In 2022, The News reported a case in which a 152 square metre section of unconstructed road between Kilburn Gr and Glenisla Dr in Mt Martha was acquired by a Kilburn Rd property owner under adverse possession laws, prompting concern that other residents could lose access to the lane should another property owner decide to do the same (Shire tries to fill gaps in land laws, The News 07/11/22).

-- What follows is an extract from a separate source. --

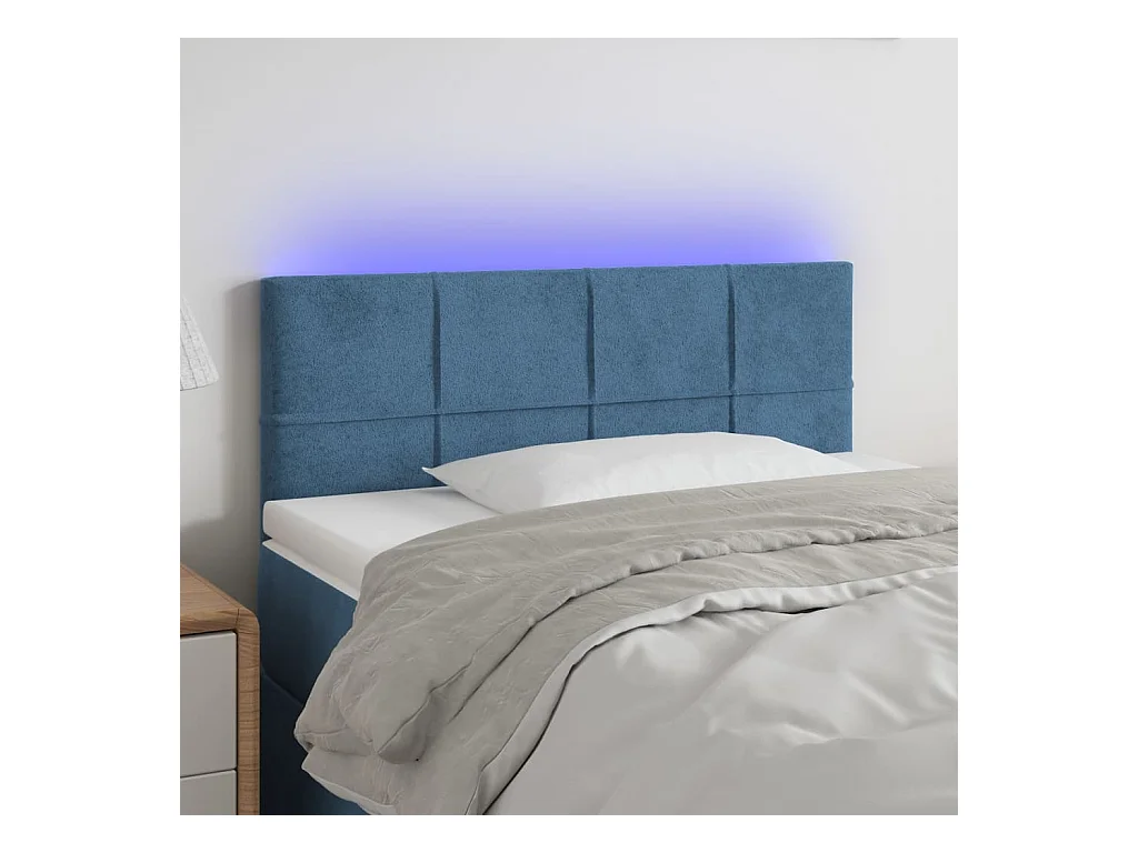 Testiera | Testata del letto a LED Blu Scuro 100x5x78/88 cm in Velluto

In another case reported in 2023, a Mt Martha Airbnb owner had allegedly encroached on 277 square metres of Crown Land, including a road reserve reportedly worth more than $500,000, leaving residents fuming.
According to a shire report, it said “there have been ongoing issues related to encroachment related to public land on the Mornington Peninsula,” and “as much as possible the public should be fully informed about any loss of public land”. “There are a number of legal avenues to acquire public land with very few checks and balances to protect the public from loss of their land including ‘backdating’ dates of intention,” it said.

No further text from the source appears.